#### PROBLEM TO SOLVE:
Give the data below again exactly, and drop each picture from it.

#### DATASET CONTENT:
##########
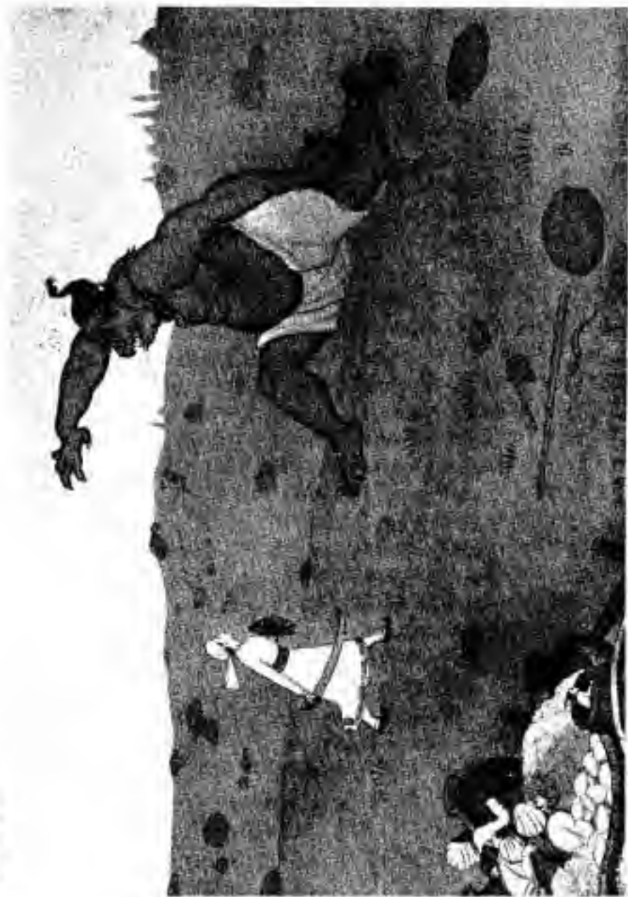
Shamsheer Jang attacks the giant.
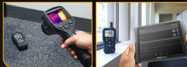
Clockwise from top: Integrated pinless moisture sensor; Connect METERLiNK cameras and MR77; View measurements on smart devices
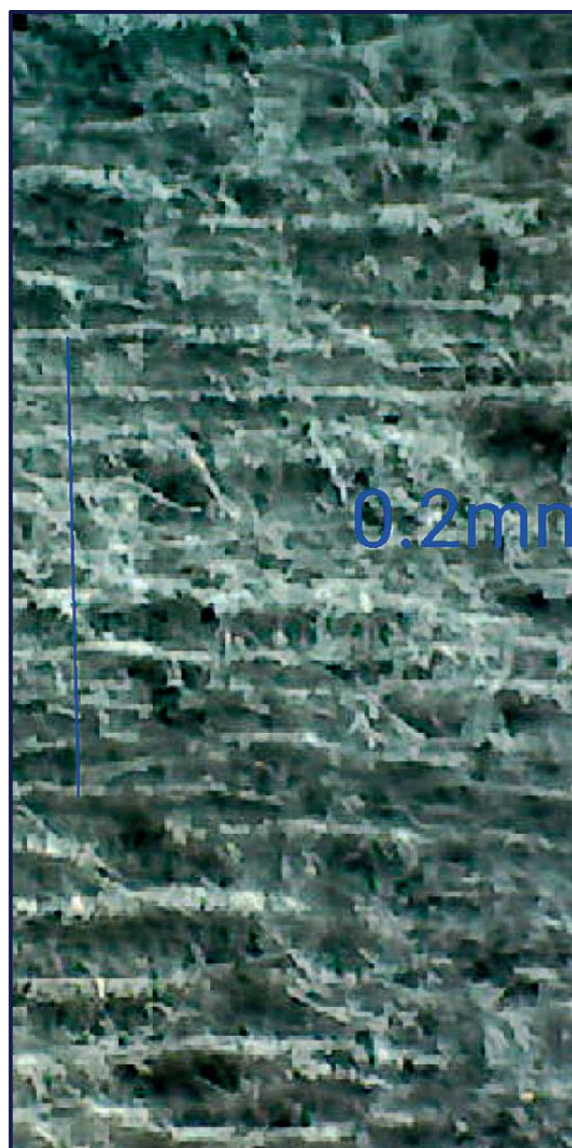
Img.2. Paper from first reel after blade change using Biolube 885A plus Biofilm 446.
##########
#### ANSWER TO THE EXERCISE:
Shamsheer Jang attacks the giant.
Clockwise from top: Integrated pinless moisture sensor; Connect METERLiNK cameras and MR77; View measurements on smart devices
Img.2. Paper from first reel after blade change using Biolube 885A plus Biofilm 446.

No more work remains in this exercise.